### MATERIAL FOR THIS EXERCISE
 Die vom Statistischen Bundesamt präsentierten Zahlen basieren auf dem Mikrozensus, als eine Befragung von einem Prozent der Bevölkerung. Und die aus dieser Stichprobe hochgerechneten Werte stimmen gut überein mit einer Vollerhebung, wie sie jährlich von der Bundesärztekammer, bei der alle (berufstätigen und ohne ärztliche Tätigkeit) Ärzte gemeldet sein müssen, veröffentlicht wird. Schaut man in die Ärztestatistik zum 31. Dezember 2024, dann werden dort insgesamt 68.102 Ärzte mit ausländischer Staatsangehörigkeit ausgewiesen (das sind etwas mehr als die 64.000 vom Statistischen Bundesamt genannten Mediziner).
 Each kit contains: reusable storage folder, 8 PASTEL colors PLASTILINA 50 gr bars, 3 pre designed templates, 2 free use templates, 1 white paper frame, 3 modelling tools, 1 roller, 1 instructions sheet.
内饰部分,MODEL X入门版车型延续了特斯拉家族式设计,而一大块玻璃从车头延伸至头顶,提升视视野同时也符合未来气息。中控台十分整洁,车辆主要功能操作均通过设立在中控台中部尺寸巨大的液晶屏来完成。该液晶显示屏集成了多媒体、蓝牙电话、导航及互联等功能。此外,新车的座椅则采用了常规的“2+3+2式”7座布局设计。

---

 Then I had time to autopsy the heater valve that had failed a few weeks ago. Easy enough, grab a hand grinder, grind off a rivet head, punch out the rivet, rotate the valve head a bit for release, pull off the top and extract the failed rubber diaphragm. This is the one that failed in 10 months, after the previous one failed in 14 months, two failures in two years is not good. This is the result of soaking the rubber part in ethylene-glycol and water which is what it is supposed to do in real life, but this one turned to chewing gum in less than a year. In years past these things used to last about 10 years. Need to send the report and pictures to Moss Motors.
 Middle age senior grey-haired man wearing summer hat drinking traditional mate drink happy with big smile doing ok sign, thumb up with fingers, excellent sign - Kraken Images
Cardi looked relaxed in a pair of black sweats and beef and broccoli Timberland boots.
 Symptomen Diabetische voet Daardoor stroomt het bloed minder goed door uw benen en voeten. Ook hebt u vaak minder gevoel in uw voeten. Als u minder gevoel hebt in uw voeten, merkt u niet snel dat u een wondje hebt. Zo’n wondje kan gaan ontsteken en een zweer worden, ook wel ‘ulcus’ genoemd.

### TASK ITEM
Beginning at the line with "Each kit contains: reusable" and ending at the line with "内饰部分,MODEL X入门", reproduce each line of the data above exactly, and add no other lines.

### SOLUTION TO THIS TASK
 Each kit contains: reusable storage folder, 8 PASTEL colors PLASTILINA 50 gr bars, 3 pre designed templates, 2 free use templates, 1 white paper frame, 3 modelling tools, 1 roller, 1 instructions sheet.
内饰部分,MODEL X入门版车型延续了特斯拉家族式设计,而一大块玻璃从车头延伸至头顶,提升视视野同时也符合未来气息。中控台十分整洁,车辆主要功能操作均通过设立在中控台中部尺寸巨大的液晶屏来完成。该液晶显示屏集成了多媒体、蓝牙电话、导航及互联等功能。此外,新车的座椅则采用了常规的“2+3+2式”7座布局设计。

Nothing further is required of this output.